Neonatal jaundice is a common phenomenon, noted in more than 80% of otherwise healthy, term newborns. , In the majority of cases, the jaundice is transient, usually resolving by the end of the first postnatal week, and serum total bilirubin (STB) concentrations are not harmful. In some infants, severe hyperbilirubinemia may develop with the potential for acute bilirubin encephalopathy. , Some of these cases may progress to the chronic athetoid form of cerebral palsy (kernicterus) or other forms of bilirubin neurotoxicity. These include deafness or mild neurologic sequelae attributed to high serum levels of bilirubin, called bilirubin-induced neurologic dysfunction (BIND) . Because of the wide range of clinical features resulting from bilirubin neurotoxicity, Le Pichon et al. suggested use of the term kernicterus spectrum disorders to include all above-mentioned forms of neurologic sequalae of bilirubin neurotoxicity.
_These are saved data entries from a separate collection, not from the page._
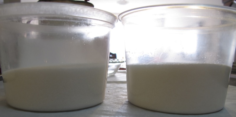 It is sitting in a Cool Whip container as the flour for the first cake has been sifted three times, and the flour for the second cake has been sifted twice.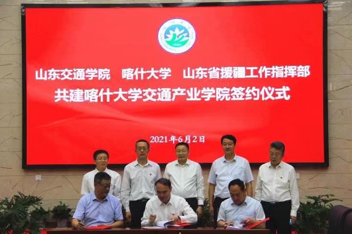 为贯彻落实中央第三次新疆工作座谈会精神,进一步深化、拓展和创新对口援疆工作,6月1日至4日,学校党委副书记、院长陈松岩,党委委员、副院长张化祥一行赴喀什大学对接洽谈合作共建事宜,签署了合作框架协议。签约仪式在喀什大学新泉校区行政楼一楼会议室举行,山东省援疆工作指挥部党委书记张成伟,新疆自治区教育厅党组副书记、副厅长、喀什大学党委书记薛继海,喀什大学党委副书记、校长亚克夫·吐尔地,自治区人民政府督学孙红新,喀什大学党委常委、副校长罗浩波,喀什大学党委常委、副校长赵斌出席签约仪式。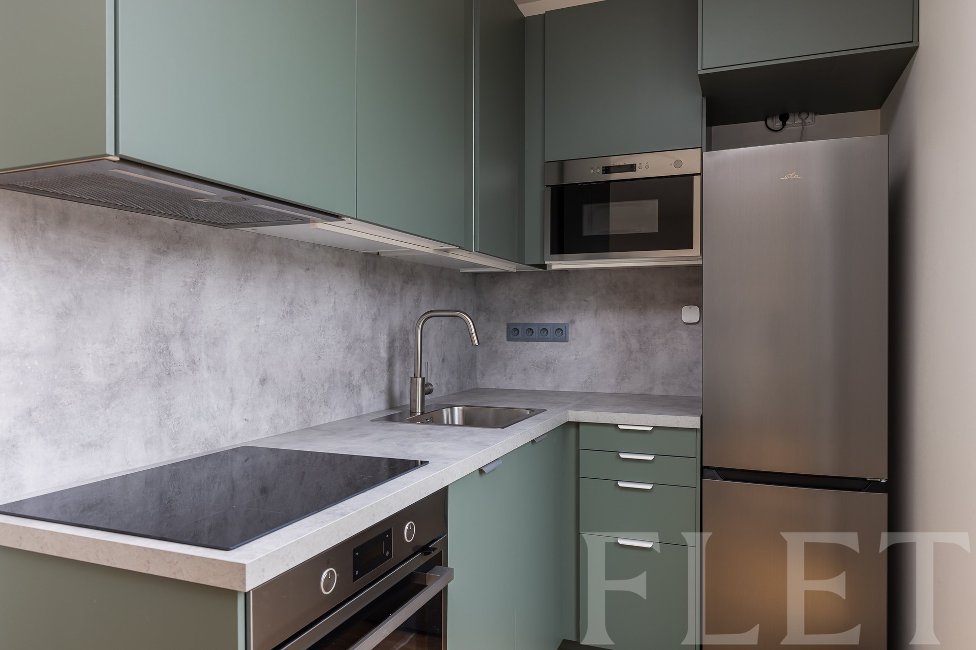 Interiér je řešen s důrazem na maximální využití prostoru. Vstupní část navazuje na hlavní obytnou místnost se stylovým kuchyňským koutem vybaveným moderními spotřebiči. Světlé tóny a velká okna dodávají bytu vzdušnost a příjemnou světelnou atmosféru během celého dne.
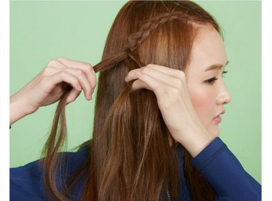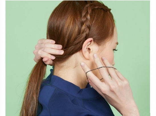 在差不多到太阳穴的高度时,又将辫子往前方耳朵的方向编织。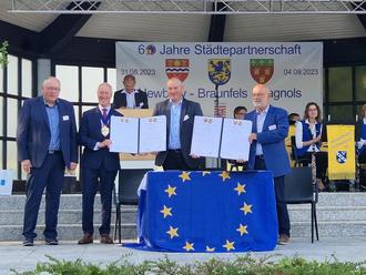 Sein französischer Amtskollege Jean-Yves Chapelet sprach von der unzertrennlichen Freundschaft zwischen den Menschen in Bagnols-sur-Cèze und Braunfels. Mit den Worten von Jean Monnet stellte er fest:“ Wir vereinen nicht Staaten oder Städte, sondern Menschen. “Er berichtete von seiner Enkelin, die in Frankreich geboren sei, in Deutschland in einer deutsch-französischen Familie aufwachse und damit im besten Sinne die Vereinigung unserer Kulturen und Träume verkörpere. Er übergab den Braunfelsern einen Granatapfelbaum, ein Symbol von Fruchtbarkeit und Langlebigkeit, um weiterhin Freundschaft und Frieden zu pflegen.

In recent years it has become apparent that much of the mediation of bilirubin metabolism and the determination of whether STB concentrations remain within the physiologic range or increase to potentially harmful concentrations lies within genetic control. Indeed, one of the most important advances in our understanding of the genomics of bilirubin metabolism was the elucidation of the UGT1A1 gene encoding the bilirubin-conjugating enzyme, uridine diphosphate-glucuronosyltransferase 1A1 (UGT1A1). It is now apparent that a number of genes control both the production and elimination of bilirubin and that polymorphisms or mutations of these genes, sometimes acting in combination or synergistically, have the potential to cause extreme hyperbilirubinemia. Additionally, genetically inherited diseases due to mutations of genes not normally involved in the physiology of bilirubin are associated with increased hemolysis, sometimes to a marked degree. Select hereditary conditions with the potential to moderate bilirubin metabolism are listed in Box 91.1 . Furthermore, in addition to specific mutations and polymorphisms, there are racial and ethnic influences on bilirubin values and neonatal hyperbilirubinemia, as will be discussed. Finally, next-generation DNA sequencing, a modern diagnostic tool, has the potential to determine a specific genetic etiology in many newborns with extreme hyperbilirubinemia.

Box 91.1
Mutations and Polymorphisms of Genes Active in the Formation and Elimination of Bilirubin With the Potential for Modulating Neonatal Hyperbilirubinemia

  • A.

    Increased heme catabolism

    • Heme oxygenase-1 ( HO-1 ) promoter polymorphisms

  • B.

    Diminished bilirubin formation

    • Bilirubin reductase polymorphisms

  • C.

    Diminished bilirubin hepatic uptake

    • Solute carrier organic anion transporter ( SLCO1B1 ) polymorphisms

  • D.

    Diminished bilirubin conjugation

  • Uridine diphosphate-glucuronosyltransferase 1A1 ( UGT1A1) promoter and coding area polymorphisms and mutations

As reviewed in the ensuing chapter, hyperbilirubinemia is not dependent on increased bilirubin production or diminished elimination as individual processes. Rather, these forces may combine and even interact to increase the STB at any point in time.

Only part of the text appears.